Литмир - Электронная Библиотека

Для того чтобы понять, что открыл Эйнштейн, надо ясно увидеть, что он «закрыл». А закрыл он темную безжизненную пустоту, именуемую «абсолютное пространство» и «абсолютное время», в которой, как в уксусной кислоте, бесследно исчезли и растворились бесчисленные тела и души. Эта модель мироздания, к счастью, оказалась абсолютно неверной, но, подобно узнику, привыкшему к тюремной камере, человечество не спешит выходить из жесткой системы координат Ньютона в подвижный, изменчивый мир Эйнштейна, таящий множество неожиданностей.

[править] Предустановленная гармония

«Как и Шопенгауэр, я, прежде всего, думаю, что одно из наиболее сильных побуждений, ведущих к искусству и науке, — это желание уйти от будничной жизни с ее мучительной жестокостью и безутешной пустотой, уйти от извечно меняющихся собственных прихотей».

Эйнштейн в отличие от многих и многих своих коллег в области теоретической физики считает, что искусство и наука исходят из одного чисто человеческого «побуждения». Это побуждение в равной мере свойственно святым и подвижникам. Ведь они тоже хотят «уйти от будничной жизни…». Не менее страстно любой отшельник жаждет обуздать свою человеческую природу, избавиться от «извечно меняющихся прихотей».

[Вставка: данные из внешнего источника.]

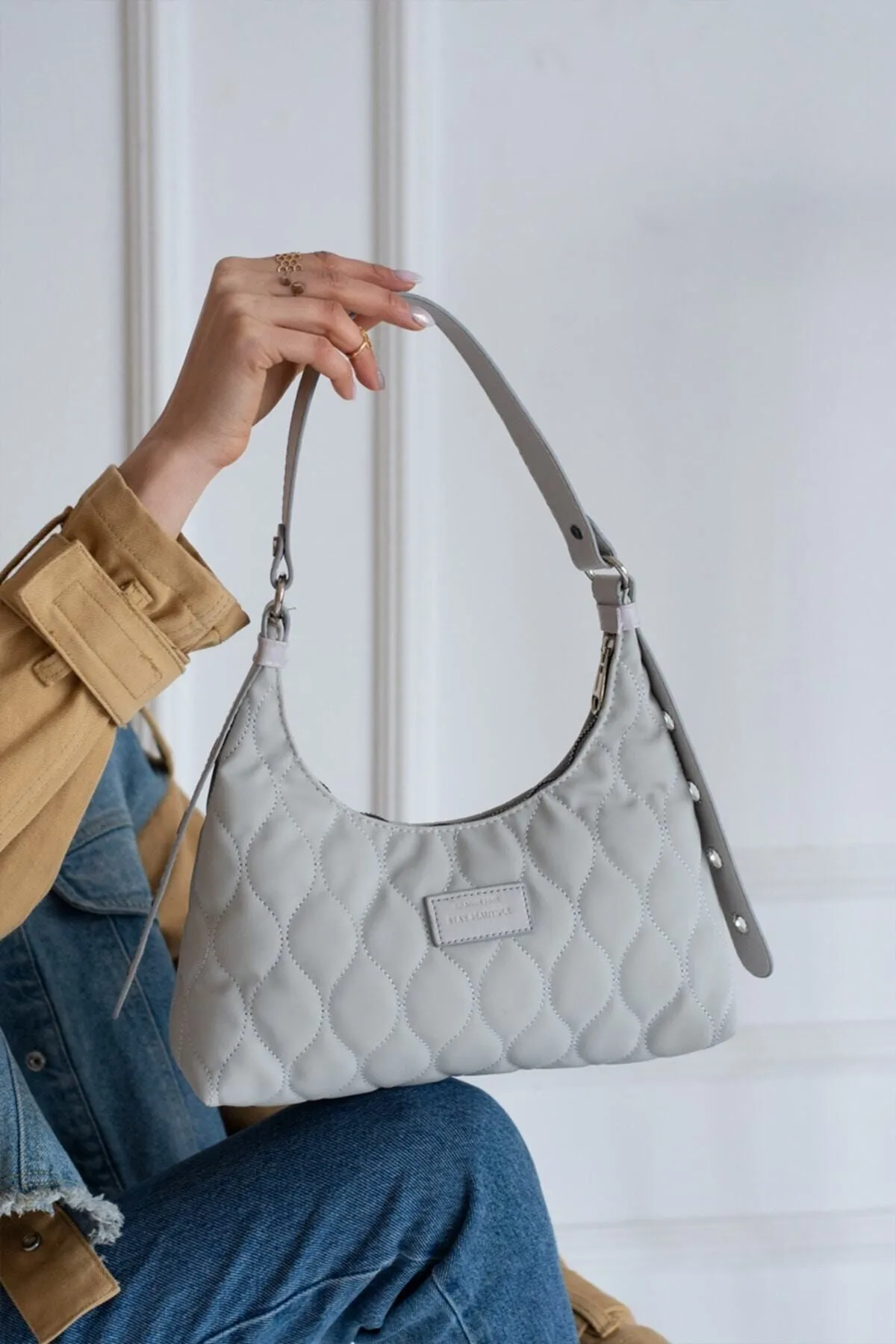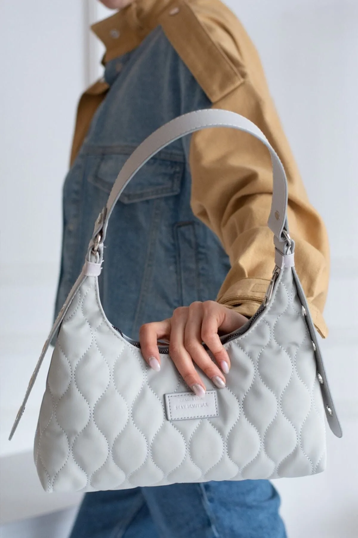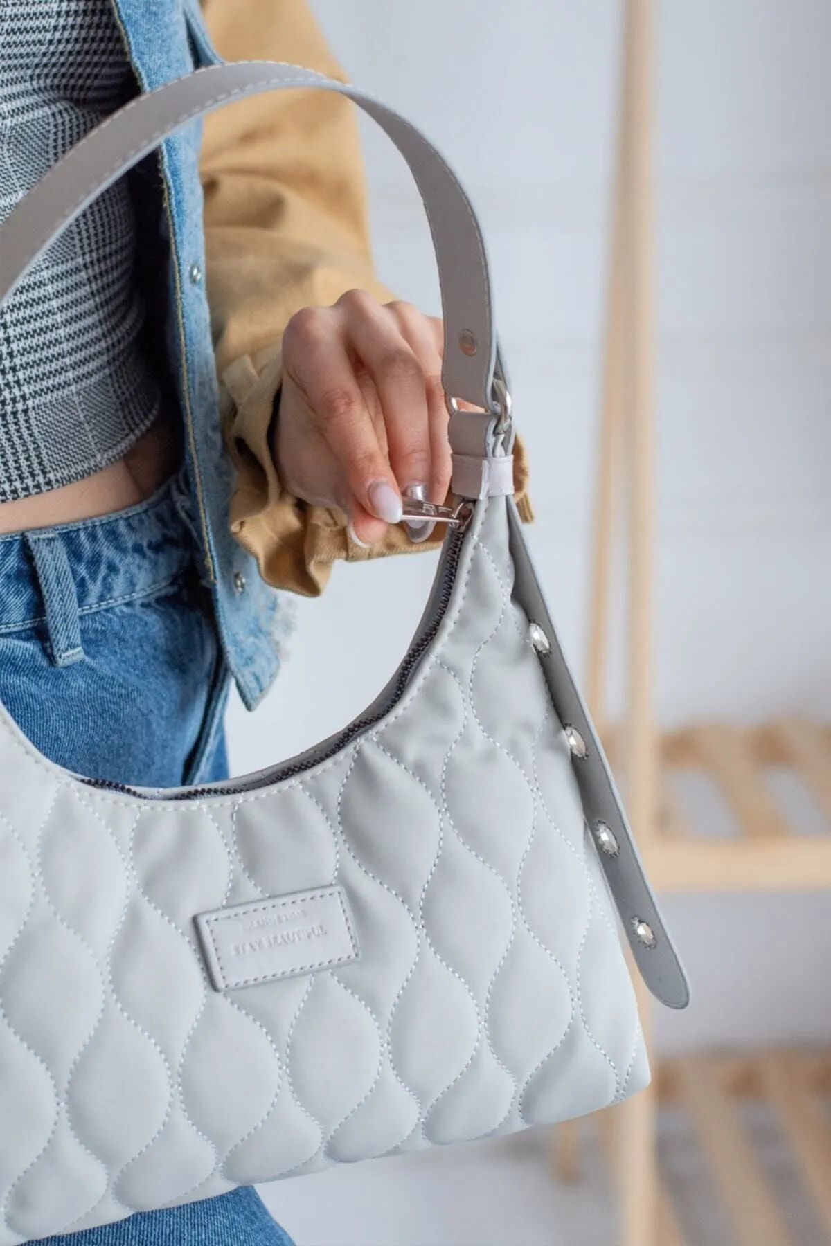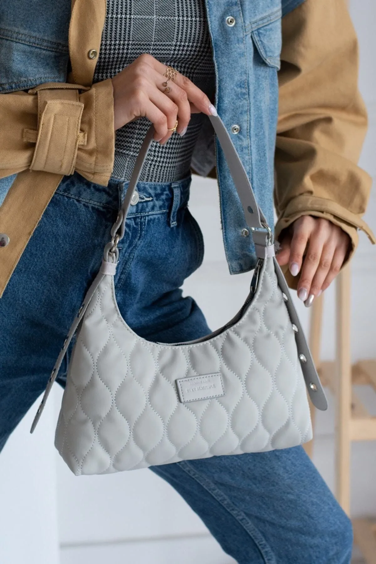 Kadın Gri Kapitone Desenli Baget El Ve Omuz Çantası

В потоке вечных перемен и повседневной суеты Эйнштейн ищет нечто непреходящее, вечное, обладающее абсолютной ценностью и свободой. Такой самодостаточной системой, хотя и способной к развитию, стала специальная, а позднее — и общая теория относительности (СТО и ОТО).

Это мир, где есть некая вполне реальная космическая точка отсчета — скорость света. Эйнштейна не раз критиковали за этот постулат. Вместо ньютоновского абсолютного пространства и такого же абсолютного времени Эйнштейн вводит новую подвижную шкалу отсчета — скорость света.

Время и пространство утратили свою абсолютность: выяснилось, что они, как масса и энергия, зависят от скорости и могут достигать нулевых значений при скорости около 300 000 км/сек.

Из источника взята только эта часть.